The Board also ruled that a party who files the C-32 without a statement of the physician’s qualifications can’t later object to their own exhibit on admissibility grounds based on that omission.
Last year saw the release of a couple of even more significant opinions involving C-32s.
First, in June 2021, in Sadeekah v. Abdelaziz d/b/a Home Furniture and More, the Board affirmed a ruling to exclude a C-32 that wasn’t timely filed before a summary judgment hearing.
Perhaps more important was a footnote that explained the type of hearing is critical to determine the admissibility of a C-32.
The Board wrote: “The rules governing expedited hearings allow a party to introduce ‘[l]etters or written statements addressing medical causation signed by a physician’ at an expedited hearing, but such statements may be excluded at a compensation hearing. . . . On the other hand, the proof that may be considered at a summary judgment hearing is governed by Rule 56.04 of the Tennessee Rules of Civil Procedure. To be admissible as the physician’s direct testimony ‘at any stage of a workers’ compensation claim in lieu of a deposition,’ a Form C-32 must comply with the requirements of Tennessee Code Annotated section 50-6-235(c).”
So, if you want to use a C-32 in support of or in opposition to a motion for summary judgment, make sure it meets the standards.
Three days later, the Board released Mosley v. HG Staffing. In that case, the employer objected to the admissibility of a C-32 at an expedited hearing because it lacked an original signature and statement of the physician’s qualifications, and the form was incomplete. The court admitted the form as a signed medical record, and the Board affirmed.
The lack of an original signature didn’t preclude the trial court from considering it a signed medical record under Rule 0800-02-21-.16(2)(b), the Board held. Further, section 50-6-235(c) doesn’t require a physician to respond to every question included on the C-32. Incompleteness of the form goes to its weight, not admissibility.
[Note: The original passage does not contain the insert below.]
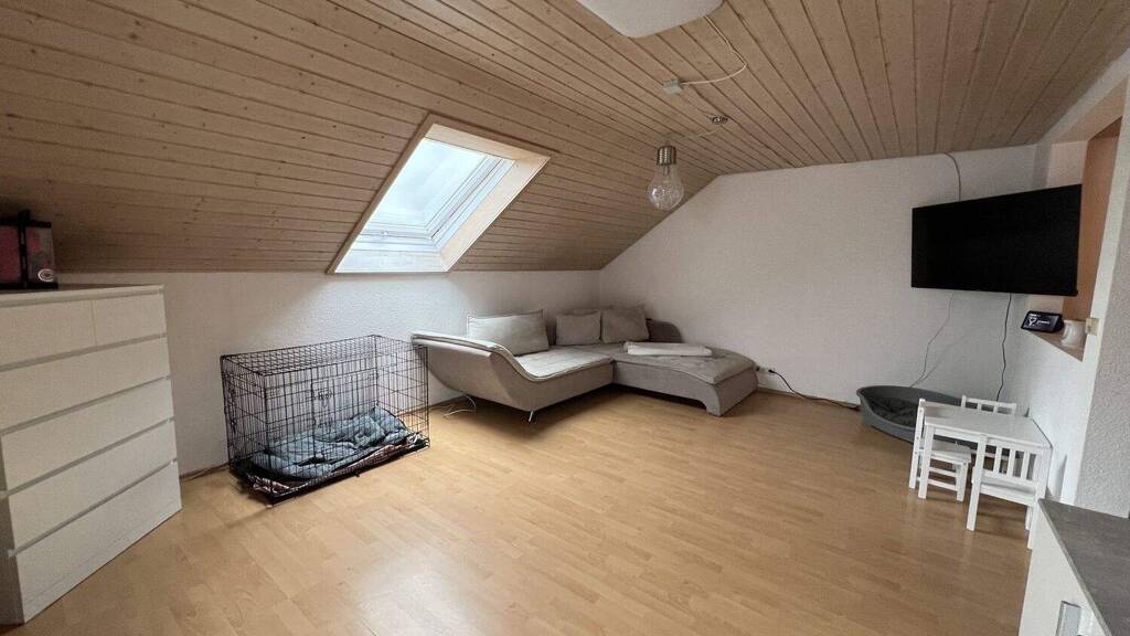 Im Dachgeschoss erwartet Sie ein großzügiger Wohn- und Essbereich mit Zugang zum Balkon, der durch seine Helligkeit und den offenen Schnitt überzeugt.

Let’s end with practice pointers regarding C-32s.
— Don’t forget the original signature and statement of qualifications. File the form electronically, but bring the original to the hearing.
If you have a reproduced report that isn’t originally signed, the statute says you can get it into evidence with an originally signed affidavit from the physician or the “submitting attorney.”
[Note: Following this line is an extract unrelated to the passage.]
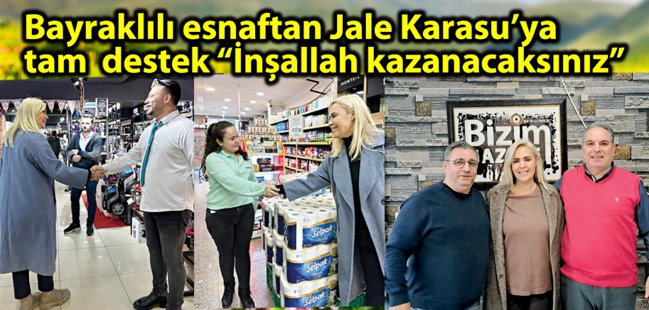 Cumhuriyet Halk Partisi Bayraklı Belediye Başkan Aday Adayı Gazeteci Jale Gönüslü Karasu’ya esnaf ziyaretinde tam destek geldi.

And we don’t need the 30-page version of the CV listing every presentation the doctor has ever given. Rather, all we need is a statement of qualifications of the doctor making the report.
— Scrutinize the doctor’s opinions. Did the physician check that the employee’s condition resulted from a specific incident and a gradual injury, for example? Inconsistencies like that happen; sometimes staff complete the form, or possibly the physician is in a hurry. Stated another way, make sure the answers fit with the theory of the case before filing the C-32.
In conclusion, the C-32 has helped streamline case presentation for many decades now. The form has generated problems but also helpful case law along the way. To ensure your form gets before the judge, re-read section -235, the cases, and the form itself.